WHAT YOU ARE ASKED TO DO:
Would you retype the listing word for word, skipping its pictures?
DATA FOR PROCESSING Start Marker
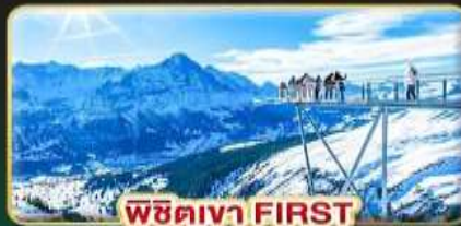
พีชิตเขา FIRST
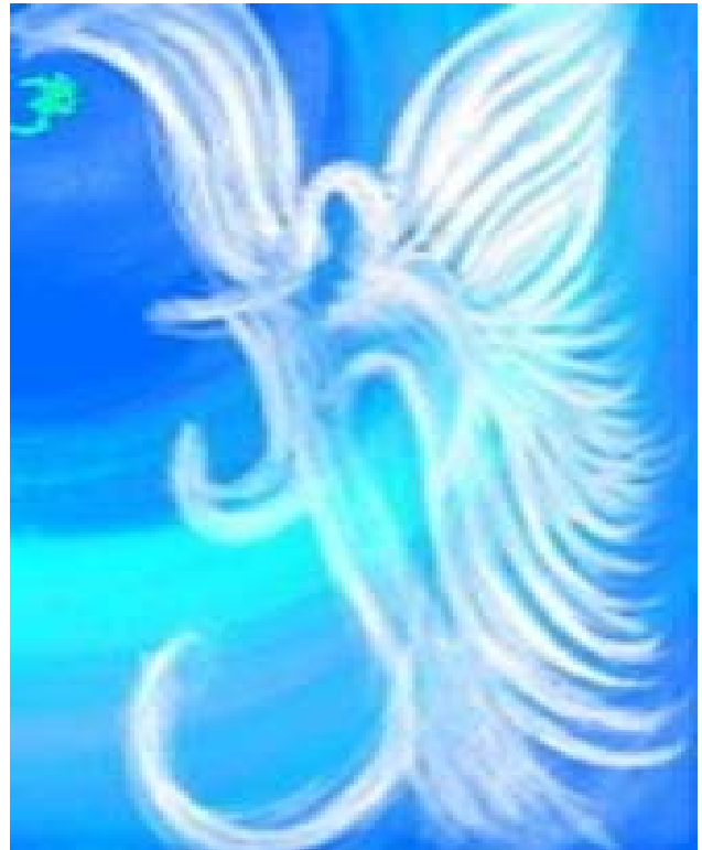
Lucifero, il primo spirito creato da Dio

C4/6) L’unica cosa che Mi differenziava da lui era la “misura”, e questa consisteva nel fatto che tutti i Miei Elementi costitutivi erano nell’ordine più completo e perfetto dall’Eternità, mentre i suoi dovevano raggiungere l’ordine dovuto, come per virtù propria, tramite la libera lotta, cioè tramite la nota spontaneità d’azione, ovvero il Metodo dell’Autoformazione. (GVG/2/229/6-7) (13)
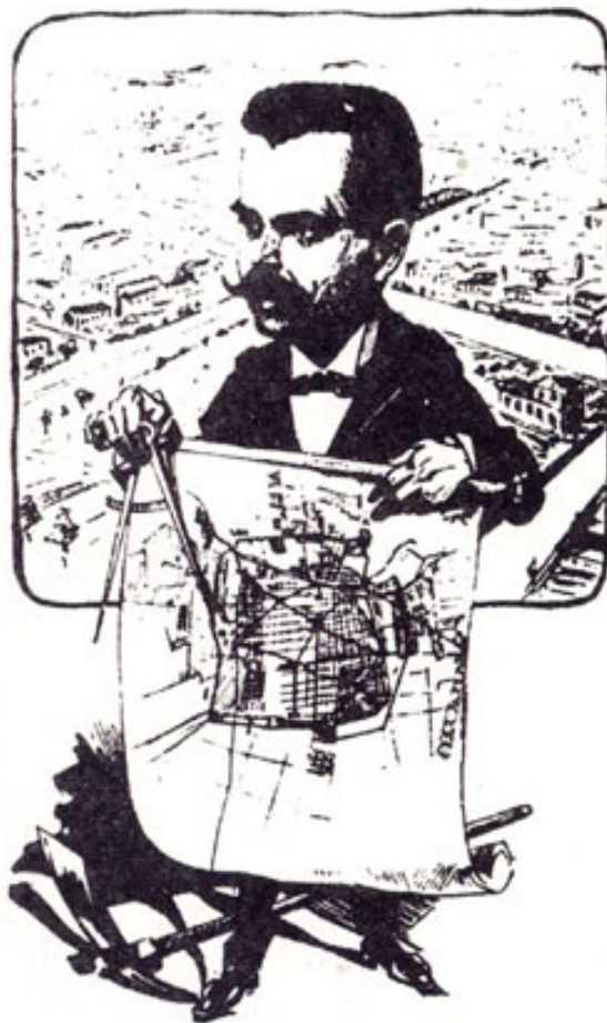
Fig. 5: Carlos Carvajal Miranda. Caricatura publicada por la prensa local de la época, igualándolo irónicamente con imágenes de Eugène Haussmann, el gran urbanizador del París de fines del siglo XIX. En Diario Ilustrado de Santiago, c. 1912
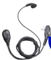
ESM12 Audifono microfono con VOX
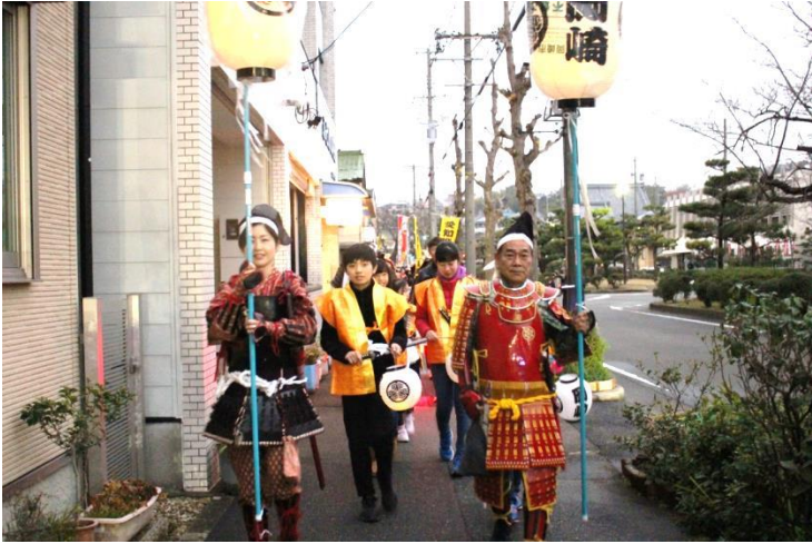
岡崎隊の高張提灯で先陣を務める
DATA FOR PROCESSING End Marker
SOLVED EXERCISE:
พีชิตเขา FIRST
Lucifero, il primo spirito creato da Dio

C4/6) L’unica cosa che Mi differenziava da lui era la “misura”, e questa consisteva nel fatto che tutti i Miei Elementi costitutivi erano nell’ordine più completo e perfetto dall’Eternità, mentre i suoi dovevano raggiungere l’ordine dovuto, come per virtù propria, tramite la libera lotta, cioè tramite la nota spontaneità d’azione, ovvero il Metodo dell’Autoformazione. (GVG/2/229/6-7) (13)
Fig. 5: Carlos Carvajal Miranda. Caricatura publicada por la prensa local de la época, igualándolo irónicamente con imágenes de Eugène Haussmann, el gran urbanizador del París de fines del siglo XIX. En Diario Ilustrado de Santiago, c. 1912
ESM12 Audifono microfono con VOX
岡崎隊の高張提灯で先陣を務める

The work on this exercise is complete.